Topic Extraction from Tweets using LDA

Usen Osasu
6 min readDec 13, 2019

--

In this post, we are going to be looking at the task of performing topic modelling on twitter data to figure out what people are tweeting about. We would first load our data, perform simple EDA on the data to explore popular hashtags and users, lastly we would apply a machine learning algorithm, LDA ( Latent Dirichlet Allocation), to explore the topics in the tweets.

The code for this blog post can be found here.

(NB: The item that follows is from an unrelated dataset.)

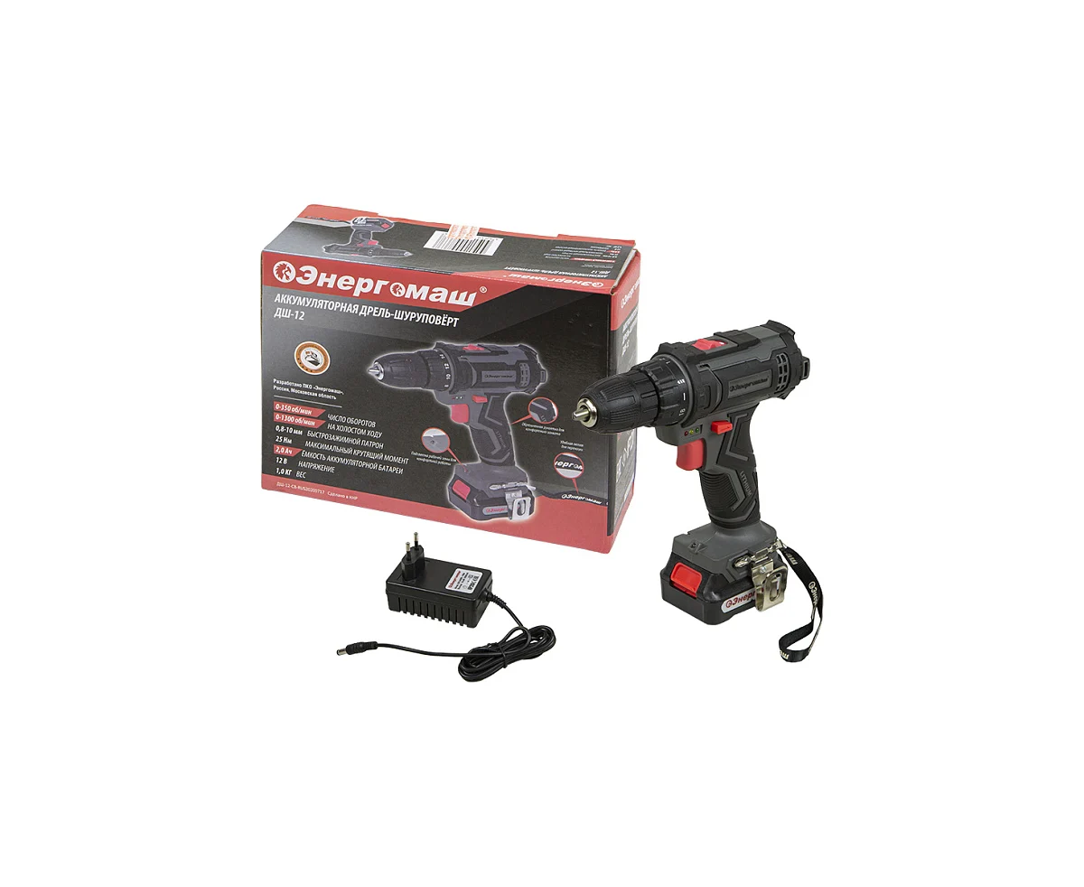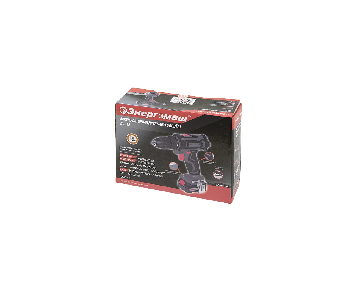 Дрель Энергомаш ДШ-12 12В, 25Нм, 1х2.0Ач, 0-350/0-1300об/мин, клипса, картон

To follow this post, you should be comfortable with using basic python, thepandas and numpy python package. You will need to have the following packages installed: numpy, pandas, seaborn, matplotlib, sklearn, nltk

Latent Dirichlet Allocation

Latent Dirichlet Allocation (LDA) is one example of a topic model used to extract topics from a document. LDA is an unsupervised machine learning algorithm that allows a a set of textual observations to be explained by unobserved groups that explain similarities within the data. LDA represents documents as mixtures of topics that spit out words with certain probabilities.

Topic Modelling using LDA

Data

Twitter is a fantastic source of data, with over 8,000 tweets sent per second. Those tweets can be downloaded and used to try and investigate mass opinion on particular issues. This can be as basic as looking for keywords and phrases or can be more advanced, aiming to discover general topics contained in a dataset. The first thing we will do is to get your data.

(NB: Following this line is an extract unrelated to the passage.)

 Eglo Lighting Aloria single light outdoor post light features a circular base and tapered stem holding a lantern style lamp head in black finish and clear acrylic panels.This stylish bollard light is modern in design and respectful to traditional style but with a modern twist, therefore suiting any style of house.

Lets load the required packages.

# packages to store and manipulate data
import pandas as pd
import numpy as np

# plotting packages
import matplotlib.pyplot as plt
import seaborn as sns

# model building package
import sklearn

# package to clean text
import re

EDA

After loading the data, we check through the tweets to find retweets.

# make a new column to highlight retweets
tweets['is_retweet'] = tweets['full_text'].apply(lambda x: x[:2]=='RT')
tweets['is_retweet'].sum() # number of retweets

We can also see the most frequent tweets. Count number of times a tweet is duplicated and sort.

# 10 most repeated tweets
tweets.groupby(['full_text']).size().reset_index(name='counts')\
.sort_values('counts', ascending=False).head(10)

To visualize, we plot the distribution of repeated tweets in the dataset.

Next we find out who is being tweeted at and the most common hashtags

def find_mentioned(tweet):
'''This function will extract the twitter handles of people mentioned in the tweet'''
return re.findall('(?<!RT\s)(@[A-Za-z]+[A-Za-z0-9-_]+)', tweet)
def find_hashtags(tweet):
'''This function will extract hashtags'''
return re.findall('(#[A-Za-z]+[A-Za-z0-9-_]+)', tweet)
# make new columns for mentioned usernames and hashtags
tweets['mentioned'] = tweets.full_text.apply(find_mentioned)
tweets['hashtags'] = tweets.full_text.apply(find_hashtags)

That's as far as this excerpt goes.